Greece leaving the eurozone would have “serious consequences” for the region, and raise questions about what could lead other countries to leave as well, ratings agency Moody’s said yesterday.
Although member states are benefiting from cheaper borrowing costs thanks to the ECB’s stimulus measures and were expected to see growth gradually recover in the coming months, some, such as France and Italy, still face pressures on their credit ratings.
Greece’s junk ‘Caa1’ rating is currently on review for a further downgrade, with the country’s future in the eurozone uncertain under the government of prime minister Alexis Tsipras.
Athens has been embroiled for weeks in a confrontation with its eurozone creditors, led by Germany. It is struggling to find EU allies in its effort to renegotiate the terms of its bailout. The worst outcome — Greece leaving, or ‘Grexit’ — would have wide ranging implications, Moody’s said.
“Even if the immediate financial impact was limited, the exit of a member state from a union explicitly designed to be indivisible would inevitably raise questions about what pressures might cause other countries to take the same route,” Kathrin Muehlbronner, one of Moody’s senior credit officers, wrote in a report.
The most obvious risk was other countries on the eurozone periphery, such as Portugal, Spain, and Italy, would face a backlash from investors that are currently snapping up their bonds.

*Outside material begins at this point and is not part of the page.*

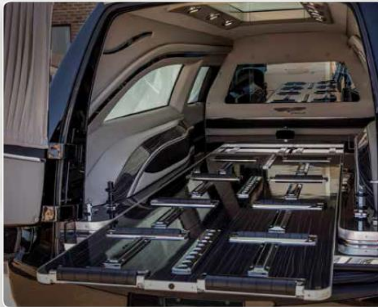
The European styling of Eagle's exclusive Echelon is truly a masterpiece. The Echelon features a true limousine-style rear window, painted top, and glass skylight to naturally illuminate the casket and floral display. (Shown with optional electric Extension Table)

The Cadillac XTS Echelon is also packed with many interior features sure to satisfy the most discriminating funeral homes.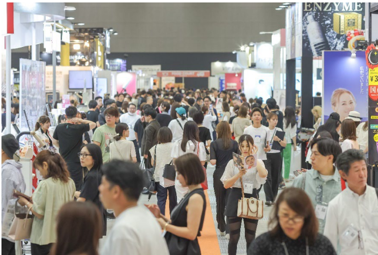
13,039 trade visitors attended Beautyworld Japan Nagoya 2025.

Nagoya, 23 January 2026. Beautyworld Japan Nagoya, a comprehensive beauty trade fair in the Chubu region, will take place from 23 – 25 March 2026 at Port Messe Nagoya, Exhibition Hall 1. Covering the full beauty spectrum, the show brings together key sub-sectors including aesthetics, hair, nails, eyelashes, inner beauty, beauty equipment, medical beauty, OEM services and business support. The 2026 edition is expected to welcome around 200 exhibitors, showcasing products and services that support the development of the industry in central Japan and beyond. With a strong track record of connecting buyers with relevant exhibitors in person through high-quality business meetings, the fair enjoys broad support from beauty professionals across Japan, particularly within the Chubu region.

Overall, however, Moody’s saw a stable credit outlook for eurozone sovereigns. It expects the ECB stimulus and the boost from the lower euro and oil prices to offset deflationary pressure.
It stressed, though, that the region is likely to remain one of “only moderate growth”. Already high debt-to-GDP ratios in Greece, Italy, Spain, and France were expected to continue to rise.
France, the only country apart from Greece to have a negative outlook on its rating with Moody’s, was also targeted for making poor progress with spending cuts and reforming its economy.
“France stands out with its [headline and structural] budget deficit forecast being higher in 2015 than in 2013.
“In our view, many of the 2015 [eurozone] budgets have been based on unduly optimistic assumptions for nominal GDP and tax revenue growth, which are unlikely to be achieved given the lower inflation environment.”